▶ **Exercise input**:
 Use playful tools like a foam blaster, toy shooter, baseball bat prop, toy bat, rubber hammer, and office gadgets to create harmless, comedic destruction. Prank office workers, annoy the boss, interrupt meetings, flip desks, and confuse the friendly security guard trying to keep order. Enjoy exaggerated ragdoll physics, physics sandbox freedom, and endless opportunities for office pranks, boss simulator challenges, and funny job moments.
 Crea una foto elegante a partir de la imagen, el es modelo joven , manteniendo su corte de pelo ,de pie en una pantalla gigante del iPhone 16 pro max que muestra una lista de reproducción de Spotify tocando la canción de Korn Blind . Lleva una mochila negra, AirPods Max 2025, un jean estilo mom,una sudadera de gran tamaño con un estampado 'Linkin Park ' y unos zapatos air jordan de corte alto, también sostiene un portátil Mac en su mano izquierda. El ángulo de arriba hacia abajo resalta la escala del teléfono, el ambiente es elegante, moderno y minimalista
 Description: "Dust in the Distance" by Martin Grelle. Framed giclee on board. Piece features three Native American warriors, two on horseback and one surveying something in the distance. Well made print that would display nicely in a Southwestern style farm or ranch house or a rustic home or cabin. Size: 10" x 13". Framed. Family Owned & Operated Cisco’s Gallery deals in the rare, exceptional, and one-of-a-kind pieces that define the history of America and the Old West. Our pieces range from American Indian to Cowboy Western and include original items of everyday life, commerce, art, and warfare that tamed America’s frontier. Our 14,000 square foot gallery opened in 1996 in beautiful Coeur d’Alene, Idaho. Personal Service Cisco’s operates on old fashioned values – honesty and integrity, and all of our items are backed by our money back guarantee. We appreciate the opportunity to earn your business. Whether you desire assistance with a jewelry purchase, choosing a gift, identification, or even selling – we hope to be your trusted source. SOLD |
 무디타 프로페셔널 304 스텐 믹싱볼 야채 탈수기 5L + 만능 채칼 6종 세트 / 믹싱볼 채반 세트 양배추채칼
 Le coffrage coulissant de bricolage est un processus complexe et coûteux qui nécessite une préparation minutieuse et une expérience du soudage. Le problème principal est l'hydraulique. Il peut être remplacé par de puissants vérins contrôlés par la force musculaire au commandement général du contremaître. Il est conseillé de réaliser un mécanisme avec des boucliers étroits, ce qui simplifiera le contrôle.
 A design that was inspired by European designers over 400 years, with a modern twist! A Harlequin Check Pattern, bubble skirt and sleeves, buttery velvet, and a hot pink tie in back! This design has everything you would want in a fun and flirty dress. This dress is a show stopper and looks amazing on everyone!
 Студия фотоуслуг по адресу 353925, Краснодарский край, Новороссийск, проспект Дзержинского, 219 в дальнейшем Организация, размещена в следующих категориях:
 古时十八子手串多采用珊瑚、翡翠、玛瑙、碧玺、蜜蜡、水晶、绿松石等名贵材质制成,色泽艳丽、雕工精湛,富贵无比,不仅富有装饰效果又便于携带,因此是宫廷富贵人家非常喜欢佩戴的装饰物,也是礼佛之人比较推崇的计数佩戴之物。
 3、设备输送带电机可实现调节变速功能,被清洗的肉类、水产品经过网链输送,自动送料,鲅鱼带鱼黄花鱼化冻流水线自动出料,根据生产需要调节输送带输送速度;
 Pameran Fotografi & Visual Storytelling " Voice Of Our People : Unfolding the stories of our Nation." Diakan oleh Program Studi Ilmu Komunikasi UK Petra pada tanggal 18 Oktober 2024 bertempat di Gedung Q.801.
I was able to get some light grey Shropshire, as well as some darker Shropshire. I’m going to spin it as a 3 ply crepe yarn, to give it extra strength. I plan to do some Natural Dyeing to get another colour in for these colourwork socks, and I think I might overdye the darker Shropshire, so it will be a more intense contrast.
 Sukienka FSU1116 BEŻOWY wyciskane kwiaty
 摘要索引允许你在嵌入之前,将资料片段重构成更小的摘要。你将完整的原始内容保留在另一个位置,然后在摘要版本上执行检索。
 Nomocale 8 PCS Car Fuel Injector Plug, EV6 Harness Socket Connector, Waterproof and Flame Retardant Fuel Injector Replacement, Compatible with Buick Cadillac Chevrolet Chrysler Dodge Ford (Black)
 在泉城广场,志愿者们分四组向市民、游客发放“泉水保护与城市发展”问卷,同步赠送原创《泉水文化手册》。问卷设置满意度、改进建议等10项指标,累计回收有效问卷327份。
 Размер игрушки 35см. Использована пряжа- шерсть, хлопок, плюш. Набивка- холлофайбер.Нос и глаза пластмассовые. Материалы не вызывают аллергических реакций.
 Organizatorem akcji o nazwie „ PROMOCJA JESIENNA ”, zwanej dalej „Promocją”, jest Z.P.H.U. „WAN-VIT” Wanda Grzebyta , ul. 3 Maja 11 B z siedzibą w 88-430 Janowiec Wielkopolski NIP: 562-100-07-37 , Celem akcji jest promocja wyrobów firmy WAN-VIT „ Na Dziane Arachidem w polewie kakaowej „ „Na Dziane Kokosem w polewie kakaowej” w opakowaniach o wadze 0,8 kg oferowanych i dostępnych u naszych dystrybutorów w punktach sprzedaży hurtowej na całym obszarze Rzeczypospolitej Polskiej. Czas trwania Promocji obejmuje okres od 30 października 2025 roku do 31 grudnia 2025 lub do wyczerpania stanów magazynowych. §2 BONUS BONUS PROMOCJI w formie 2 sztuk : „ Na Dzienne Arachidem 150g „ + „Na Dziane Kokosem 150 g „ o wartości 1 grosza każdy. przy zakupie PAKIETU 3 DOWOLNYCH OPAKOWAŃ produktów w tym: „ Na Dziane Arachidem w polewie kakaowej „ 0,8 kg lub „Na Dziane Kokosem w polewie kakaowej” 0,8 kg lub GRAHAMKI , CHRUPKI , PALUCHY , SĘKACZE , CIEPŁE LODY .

▶ **Your goal**: The listing above has to be repeated exactly, down to the last line.

▶ **Response to this task**:
 Use playful tools like a foam blaster, toy shooter, baseball bat prop, toy bat, rubber hammer, and office gadgets to create harmless, comedic destruction. Prank office workers, annoy the boss, interrupt meetings, flip desks, and confuse the friendly security guard trying to keep order. Enjoy exaggerated ragdoll physics, physics sandbox freedom, and endless opportunities for office pranks, boss simulator challenges, and funny job moments.
 Crea una foto elegante a partir de la imagen, el es modelo joven , manteniendo su corte de pelo ,de pie en una pantalla gigante del iPhone 16 pro max que muestra una lista de reproducción de Spotify tocando la canción de Korn Blind . Lleva una mochila negra, AirPods Max 2025, un jean estilo mom,una sudadera de gran tamaño con un estampado 'Linkin Park ' y unos zapatos air jordan de corte alto, también sostiene un portátil Mac en su mano izquierda. El ángulo de arriba hacia abajo resalta la escala del teléfono, el ambiente es elegante, moderno y minimalista
 Description: "Dust in the Distance" by Martin Grelle. Framed giclee on board. Piece features three Native American warriors, two on horseback and one surveying something in the distance. Well made print that would display nicely in a Southwestern style farm or ranch house or a rustic home or cabin. Size: 10" x 13". Framed. Family Owned & Operated Cisco’s Gallery deals in the rare, exceptional, and one-of-a-kind pieces that define the history of America and the Old West. Our pieces range from American Indian to Cowboy Western and include original items of everyday life, commerce, art, and warfare that tamed America’s frontier. Our 14,000 square foot gallery opened in 1996 in beautiful Coeur d’Alene, Idaho. Personal Service Cisco’s operates on old fashioned values – honesty and integrity, and all of our items are backed by our money back guarantee. We appreciate the opportunity to earn your business. Whether you desire assistance with a jewelry purchase, choosing a gift, identification, or even selling – we hope to be your trusted source. SOLD |
 무디타 프로페셔널 304 스텐 믹싱볼 야채 탈수기 5L + 만능 채칼 6종 세트 / 믹싱볼 채반 세트 양배추채칼
 Le coffrage coulissant de bricolage est un processus complexe et coûteux qui nécessite une préparation minutieuse et une expérience du soudage. Le problème principal est l'hydraulique. Il peut être remplacé par de puissants vérins contrôlés par la force musculaire au commandement général du contremaître. Il est conseillé de réaliser un mécanisme avec des boucliers étroits, ce qui simplifiera le contrôle.
 A design that was inspired by European designers over 400 years, with a modern twist! A Harlequin Check Pattern, bubble skirt and sleeves, buttery velvet, and a hot pink tie in back! This design has everything you would want in a fun and flirty dress. This dress is a show stopper and looks amazing on everyone!
 Студия фотоуслуг по адресу 353925, Краснодарский край, Новороссийск, проспект Дзержинского, 219 в дальнейшем Организация, размещена в следующих категориях:
 古时十八子手串多采用珊瑚、翡翠、玛瑙、碧玺、蜜蜡、水晶、绿松石等名贵材质制成,色泽艳丽、雕工精湛,富贵无比,不仅富有装饰效果又便于携带,因此是宫廷富贵人家非常喜欢佩戴的装饰物,也是礼佛之人比较推崇的计数佩戴之物。
 3、设备输送带电机可实现调节变速功能,被清洗的肉类、水产品经过网链输送,自动送料,鲅鱼带鱼黄花鱼化冻流水线自动出料,根据生产需要调节输送带输送速度;
 Pameran Fotografi & Visual Storytelling " Voice Of Our People : Unfolding the stories of our Nation." Diakan oleh Program Studi Ilmu Komunikasi UK Petra pada tanggal 18 Oktober 2024 bertempat di Gedung Q.801.
I was able to get some light grey Shropshire, as well as some darker Shropshire. I’m going to spin it as a 3 ply crepe yarn, to give it extra strength. I plan to do some Natural Dyeing to get another colour in for these colourwork socks, and I think I might overdye the darker Shropshire, so it will be a more intense contrast.
 Sukienka FSU1116 BEŻOWY wyciskane kwiaty
 摘要索引允许你在嵌入之前,将资料片段重构成更小的摘要。你将完整的原始内容保留在另一个位置,然后在摘要版本上执行检索。
 Nomocale 8 PCS Car Fuel Injector Plug, EV6 Harness Socket Connector, Waterproof and Flame Retardant Fuel Injector Replacement, Compatible with Buick Cadillac Chevrolet Chrysler Dodge Ford (Black)
 在泉城广场,志愿者们分四组向市民、游客发放“泉水保护与城市发展”问卷,同步赠送原创《泉水文化手册》。问卷设置满意度、改进建议等10项指标,累计回收有效问卷327份。
 Размер игрушки 35см. Использована пряжа- шерсть, хлопок, плюш. Набивка- холлофайбер.Нос и глаза пластмассовые. Материалы не вызывают аллергических реакций.
 Organizatorem akcji o nazwie „ PROMOCJA JESIENNA ”, zwanej dalej „Promocją”, jest Z.P.H.U. „WAN-VIT” Wanda Grzebyta , ul. 3 Maja 11 B z siedzibą w 88-430 Janowiec Wielkopolski NIP: 562-100-07-37 , Celem akcji jest promocja wyrobów firmy WAN-VIT „ Na Dziane Arachidem w polewie kakaowej „ „Na Dziane Kokosem w polewie kakaowej” w opakowaniach o wadze 0,8 kg oferowanych i dostępnych u naszych dystrybutorów w punktach sprzedaży hurtowej na całym obszarze Rzeczypospolitej Polskiej. Czas trwania Promocji obejmuje okres od 30 października 2025 roku do 31 grudnia 2025 lub do wyczerpania stanów magazynowych. §2 BONUS BONUS PROMOCJI w formie 2 sztuk : „ Na Dzienne Arachidem 150g „ + „Na Dziane Kokosem 150 g „ o wartości 1 grosza każdy. przy zakupie PAKIETU 3 DOWOLNYCH OPAKOWAŃ produktów w tym: „ Na Dziane Arachidem w polewie kakaowej „ 0,8 kg lub „Na Dziane Kokosem w polewie kakaowej” 0,8 kg lub GRAHAMKI , CHRUPKI , PALUCHY , SĘKACZE , CIEPŁE LODY .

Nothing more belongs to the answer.